> _Records shown_:
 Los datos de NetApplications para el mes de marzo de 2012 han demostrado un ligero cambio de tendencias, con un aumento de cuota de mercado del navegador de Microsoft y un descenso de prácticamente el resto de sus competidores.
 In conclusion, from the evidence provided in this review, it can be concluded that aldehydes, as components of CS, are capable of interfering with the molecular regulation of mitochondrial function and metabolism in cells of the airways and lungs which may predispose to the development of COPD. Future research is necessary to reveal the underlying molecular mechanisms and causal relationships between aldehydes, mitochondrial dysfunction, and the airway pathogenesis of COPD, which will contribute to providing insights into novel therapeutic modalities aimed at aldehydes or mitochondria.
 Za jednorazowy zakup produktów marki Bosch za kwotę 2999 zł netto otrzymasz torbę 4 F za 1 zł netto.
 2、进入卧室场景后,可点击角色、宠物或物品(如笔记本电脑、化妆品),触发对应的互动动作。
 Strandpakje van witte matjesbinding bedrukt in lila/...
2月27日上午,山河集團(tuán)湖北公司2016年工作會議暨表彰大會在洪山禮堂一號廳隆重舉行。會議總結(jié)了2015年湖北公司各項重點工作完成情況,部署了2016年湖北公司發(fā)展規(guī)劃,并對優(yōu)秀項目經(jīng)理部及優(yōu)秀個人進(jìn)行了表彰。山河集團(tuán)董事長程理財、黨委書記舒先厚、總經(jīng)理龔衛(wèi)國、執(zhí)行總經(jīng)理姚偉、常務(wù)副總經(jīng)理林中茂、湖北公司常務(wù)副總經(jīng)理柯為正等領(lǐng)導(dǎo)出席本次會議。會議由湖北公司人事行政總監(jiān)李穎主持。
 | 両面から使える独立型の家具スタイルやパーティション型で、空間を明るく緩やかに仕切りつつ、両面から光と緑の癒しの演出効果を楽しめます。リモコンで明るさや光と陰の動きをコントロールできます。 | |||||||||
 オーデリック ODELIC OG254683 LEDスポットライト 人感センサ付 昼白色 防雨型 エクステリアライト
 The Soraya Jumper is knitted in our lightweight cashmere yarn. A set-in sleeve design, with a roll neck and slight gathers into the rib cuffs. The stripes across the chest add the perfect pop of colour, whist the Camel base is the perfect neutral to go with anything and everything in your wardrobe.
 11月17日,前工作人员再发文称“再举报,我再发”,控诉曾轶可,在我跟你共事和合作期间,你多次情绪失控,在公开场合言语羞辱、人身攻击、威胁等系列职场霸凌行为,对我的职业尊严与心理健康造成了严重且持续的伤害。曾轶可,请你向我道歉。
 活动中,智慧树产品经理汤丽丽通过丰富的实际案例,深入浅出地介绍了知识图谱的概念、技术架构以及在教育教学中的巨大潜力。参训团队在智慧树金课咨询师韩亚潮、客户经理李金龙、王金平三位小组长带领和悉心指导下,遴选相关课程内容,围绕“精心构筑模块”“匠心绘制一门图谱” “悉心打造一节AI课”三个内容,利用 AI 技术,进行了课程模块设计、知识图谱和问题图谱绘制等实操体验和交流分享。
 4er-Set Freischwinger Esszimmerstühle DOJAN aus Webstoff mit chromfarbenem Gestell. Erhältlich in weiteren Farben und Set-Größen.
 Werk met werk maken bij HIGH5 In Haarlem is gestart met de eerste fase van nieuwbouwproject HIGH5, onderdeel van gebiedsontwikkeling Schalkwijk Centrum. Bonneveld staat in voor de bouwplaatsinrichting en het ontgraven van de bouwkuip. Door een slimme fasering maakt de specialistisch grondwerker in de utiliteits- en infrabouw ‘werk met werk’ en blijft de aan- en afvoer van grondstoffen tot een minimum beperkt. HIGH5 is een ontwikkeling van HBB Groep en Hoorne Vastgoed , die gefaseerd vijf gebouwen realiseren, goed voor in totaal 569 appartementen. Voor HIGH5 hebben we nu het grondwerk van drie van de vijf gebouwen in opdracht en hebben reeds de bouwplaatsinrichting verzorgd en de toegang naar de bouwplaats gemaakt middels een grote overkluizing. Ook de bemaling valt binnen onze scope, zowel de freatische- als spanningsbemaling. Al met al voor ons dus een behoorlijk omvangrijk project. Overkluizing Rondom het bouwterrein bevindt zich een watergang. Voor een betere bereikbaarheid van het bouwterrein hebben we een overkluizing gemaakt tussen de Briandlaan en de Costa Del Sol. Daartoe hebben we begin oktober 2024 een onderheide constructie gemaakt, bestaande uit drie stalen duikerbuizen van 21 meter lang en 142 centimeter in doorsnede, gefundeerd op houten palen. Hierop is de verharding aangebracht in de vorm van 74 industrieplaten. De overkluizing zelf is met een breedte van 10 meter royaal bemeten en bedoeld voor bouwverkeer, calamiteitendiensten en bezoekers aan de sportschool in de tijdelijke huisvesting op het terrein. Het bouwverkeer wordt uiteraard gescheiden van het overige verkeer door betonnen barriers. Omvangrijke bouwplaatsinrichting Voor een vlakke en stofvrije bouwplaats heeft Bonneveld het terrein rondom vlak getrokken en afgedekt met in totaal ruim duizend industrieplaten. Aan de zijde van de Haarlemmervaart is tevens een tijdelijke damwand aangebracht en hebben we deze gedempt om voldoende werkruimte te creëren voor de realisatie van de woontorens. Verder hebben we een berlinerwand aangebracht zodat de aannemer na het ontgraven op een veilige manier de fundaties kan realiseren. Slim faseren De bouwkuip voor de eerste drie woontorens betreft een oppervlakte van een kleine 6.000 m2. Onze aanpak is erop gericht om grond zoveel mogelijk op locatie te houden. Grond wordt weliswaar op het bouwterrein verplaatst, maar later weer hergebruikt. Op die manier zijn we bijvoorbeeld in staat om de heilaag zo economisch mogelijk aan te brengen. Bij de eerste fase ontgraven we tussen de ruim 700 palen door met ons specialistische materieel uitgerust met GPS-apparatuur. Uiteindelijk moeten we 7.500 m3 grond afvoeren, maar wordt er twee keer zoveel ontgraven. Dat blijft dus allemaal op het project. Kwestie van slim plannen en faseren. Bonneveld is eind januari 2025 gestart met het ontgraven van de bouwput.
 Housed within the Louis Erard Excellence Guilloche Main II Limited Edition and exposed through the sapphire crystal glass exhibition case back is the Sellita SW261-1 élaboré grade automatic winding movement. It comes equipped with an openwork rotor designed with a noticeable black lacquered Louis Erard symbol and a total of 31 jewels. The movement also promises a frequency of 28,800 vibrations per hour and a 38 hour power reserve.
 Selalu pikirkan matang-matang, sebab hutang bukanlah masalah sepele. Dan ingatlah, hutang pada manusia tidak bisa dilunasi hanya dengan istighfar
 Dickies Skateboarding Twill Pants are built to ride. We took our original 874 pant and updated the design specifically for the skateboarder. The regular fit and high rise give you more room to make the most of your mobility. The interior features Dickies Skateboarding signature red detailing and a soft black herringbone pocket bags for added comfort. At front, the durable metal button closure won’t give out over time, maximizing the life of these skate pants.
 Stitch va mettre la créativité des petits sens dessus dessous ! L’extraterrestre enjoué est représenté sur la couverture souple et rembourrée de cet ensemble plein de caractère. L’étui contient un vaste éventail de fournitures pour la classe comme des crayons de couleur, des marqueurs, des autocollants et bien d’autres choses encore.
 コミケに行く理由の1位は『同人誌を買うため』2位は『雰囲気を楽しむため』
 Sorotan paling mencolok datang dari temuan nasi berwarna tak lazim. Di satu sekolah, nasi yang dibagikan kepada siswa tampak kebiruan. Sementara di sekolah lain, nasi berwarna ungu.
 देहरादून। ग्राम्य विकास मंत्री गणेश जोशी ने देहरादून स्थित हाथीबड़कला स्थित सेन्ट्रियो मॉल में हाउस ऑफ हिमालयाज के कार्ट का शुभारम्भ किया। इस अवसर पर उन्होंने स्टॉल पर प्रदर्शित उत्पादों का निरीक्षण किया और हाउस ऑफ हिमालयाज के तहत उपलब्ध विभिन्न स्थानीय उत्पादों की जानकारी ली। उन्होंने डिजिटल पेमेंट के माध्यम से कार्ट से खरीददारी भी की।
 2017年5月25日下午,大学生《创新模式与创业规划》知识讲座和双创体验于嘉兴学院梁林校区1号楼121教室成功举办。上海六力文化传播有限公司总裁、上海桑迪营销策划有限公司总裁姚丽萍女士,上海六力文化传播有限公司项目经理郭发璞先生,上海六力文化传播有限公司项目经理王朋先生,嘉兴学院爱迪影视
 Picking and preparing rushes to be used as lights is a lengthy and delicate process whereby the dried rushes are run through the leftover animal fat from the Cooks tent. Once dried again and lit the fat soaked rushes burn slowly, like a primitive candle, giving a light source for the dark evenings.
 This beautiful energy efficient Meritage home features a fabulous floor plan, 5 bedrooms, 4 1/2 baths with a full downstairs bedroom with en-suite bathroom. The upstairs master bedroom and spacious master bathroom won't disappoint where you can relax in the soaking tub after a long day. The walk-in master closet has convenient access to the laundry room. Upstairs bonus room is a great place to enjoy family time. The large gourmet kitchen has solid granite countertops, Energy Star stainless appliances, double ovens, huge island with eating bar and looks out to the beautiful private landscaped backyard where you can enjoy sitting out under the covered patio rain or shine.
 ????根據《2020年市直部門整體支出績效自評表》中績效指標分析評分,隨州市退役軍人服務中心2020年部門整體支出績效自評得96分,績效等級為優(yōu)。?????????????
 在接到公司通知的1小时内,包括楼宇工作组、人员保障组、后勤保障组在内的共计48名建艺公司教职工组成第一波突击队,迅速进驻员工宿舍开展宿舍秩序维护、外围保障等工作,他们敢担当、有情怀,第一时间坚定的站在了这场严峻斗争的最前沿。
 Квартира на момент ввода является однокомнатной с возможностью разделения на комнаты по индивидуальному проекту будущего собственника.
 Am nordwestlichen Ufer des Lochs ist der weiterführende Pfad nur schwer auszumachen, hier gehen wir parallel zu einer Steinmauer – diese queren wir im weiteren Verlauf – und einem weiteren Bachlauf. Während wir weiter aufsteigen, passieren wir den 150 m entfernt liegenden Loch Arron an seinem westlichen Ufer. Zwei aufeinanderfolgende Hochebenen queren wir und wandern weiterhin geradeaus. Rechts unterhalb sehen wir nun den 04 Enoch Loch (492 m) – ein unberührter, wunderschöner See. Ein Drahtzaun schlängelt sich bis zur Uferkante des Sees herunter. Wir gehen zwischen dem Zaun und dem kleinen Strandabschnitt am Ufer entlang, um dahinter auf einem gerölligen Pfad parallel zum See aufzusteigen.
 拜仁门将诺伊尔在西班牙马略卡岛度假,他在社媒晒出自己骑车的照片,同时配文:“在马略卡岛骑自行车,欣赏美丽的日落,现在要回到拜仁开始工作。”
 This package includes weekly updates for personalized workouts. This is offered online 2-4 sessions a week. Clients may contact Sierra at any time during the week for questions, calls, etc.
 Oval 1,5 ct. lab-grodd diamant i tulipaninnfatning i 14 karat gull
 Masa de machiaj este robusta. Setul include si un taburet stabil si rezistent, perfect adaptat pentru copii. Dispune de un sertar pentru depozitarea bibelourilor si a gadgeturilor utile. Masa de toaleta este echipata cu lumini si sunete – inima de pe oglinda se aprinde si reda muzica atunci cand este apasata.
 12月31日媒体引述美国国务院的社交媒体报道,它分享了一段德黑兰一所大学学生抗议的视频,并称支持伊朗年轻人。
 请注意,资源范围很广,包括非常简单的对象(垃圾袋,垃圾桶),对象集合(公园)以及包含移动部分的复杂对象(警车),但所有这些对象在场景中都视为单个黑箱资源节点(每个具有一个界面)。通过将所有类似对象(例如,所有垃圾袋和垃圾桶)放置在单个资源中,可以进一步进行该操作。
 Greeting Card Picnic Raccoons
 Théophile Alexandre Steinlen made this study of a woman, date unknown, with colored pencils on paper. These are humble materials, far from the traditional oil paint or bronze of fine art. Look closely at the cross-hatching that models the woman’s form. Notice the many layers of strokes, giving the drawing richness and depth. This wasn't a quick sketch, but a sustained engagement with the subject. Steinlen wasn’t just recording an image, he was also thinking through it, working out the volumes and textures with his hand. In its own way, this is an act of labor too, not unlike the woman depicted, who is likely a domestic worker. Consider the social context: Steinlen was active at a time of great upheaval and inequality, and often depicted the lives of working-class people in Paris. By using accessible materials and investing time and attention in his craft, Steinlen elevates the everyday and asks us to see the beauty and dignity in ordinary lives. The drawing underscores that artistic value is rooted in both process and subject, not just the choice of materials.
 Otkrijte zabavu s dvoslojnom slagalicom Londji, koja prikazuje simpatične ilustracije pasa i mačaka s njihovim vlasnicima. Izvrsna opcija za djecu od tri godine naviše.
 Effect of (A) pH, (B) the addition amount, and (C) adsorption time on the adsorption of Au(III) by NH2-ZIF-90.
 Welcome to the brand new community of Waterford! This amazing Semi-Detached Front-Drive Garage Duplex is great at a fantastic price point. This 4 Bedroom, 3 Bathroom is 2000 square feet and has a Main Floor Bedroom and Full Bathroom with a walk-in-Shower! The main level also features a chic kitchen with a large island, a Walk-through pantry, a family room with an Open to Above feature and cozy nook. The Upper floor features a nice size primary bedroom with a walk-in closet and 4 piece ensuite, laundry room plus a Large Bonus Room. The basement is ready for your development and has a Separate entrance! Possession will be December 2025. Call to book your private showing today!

> _Problem details_: Repeat the entries above verbatim, but only from the line that has "Квартира на момент" down to the line that has "Greeting Card Picnic Raccoons", inclusive.

> _Expected answer_:
 Квартира на момент ввода является однокомнатной с возможностью разделения на комнаты по индивидуальному проекту будущего собственника.
 Am nordwestlichen Ufer des Lochs ist der weiterführende Pfad nur schwer auszumachen, hier gehen wir parallel zu einer Steinmauer – diese queren wir im weiteren Verlauf – und einem weiteren Bachlauf. Während wir weiter aufsteigen, passieren wir den 150 m entfernt liegenden Loch Arron an seinem westlichen Ufer. Zwei aufeinanderfolgende Hochebenen queren wir und wandern weiterhin geradeaus. Rechts unterhalb sehen wir nun den 04 Enoch Loch (492 m) – ein unberührter, wunderschöner See. Ein Drahtzaun schlängelt sich bis zur Uferkante des Sees herunter. Wir gehen zwischen dem Zaun und dem kleinen Strandabschnitt am Ufer entlang, um dahinter auf einem gerölligen Pfad parallel zum See aufzusteigen.
 拜仁门将诺伊尔在西班牙马略卡岛度假,他在社媒晒出自己骑车的照片,同时配文:“在马略卡岛骑自行车,欣赏美丽的日落,现在要回到拜仁开始工作。”
 This package includes weekly updates for personalized workouts. This is offered online 2-4 sessions a week. Clients may contact Sierra at any time during the week for questions, calls, etc.
 Oval 1,5 ct. lab-grodd diamant i tulipaninnfatning i 14 karat gull
 Masa de machiaj este robusta. Setul include si un taburet stabil si rezistent, perfect adaptat pentru copii. Dispune de un sertar pentru depozitarea bibelourilor si a gadgeturilor utile. Masa de toaleta este echipata cu lumini si sunete – inima de pe oglinda se aprinde si reda muzica atunci cand este apasata.
 12月31日媒体引述美国国务院的社交媒体报道,它分享了一段德黑兰一所大学学生抗议的视频,并称支持伊朗年轻人。
 请注意,资源范围很广,包括非常简单的对象(垃圾袋,垃圾桶),对象集合(公园)以及包含移动部分的复杂对象(警车),但所有这些对象在场景中都视为单个黑箱资源节点(每个具有一个界面)。通过将所有类似对象(例如,所有垃圾袋和垃圾桶)放置在单个资源中,可以进一步进行该操作。
 Greeting Card Picnic Raccoons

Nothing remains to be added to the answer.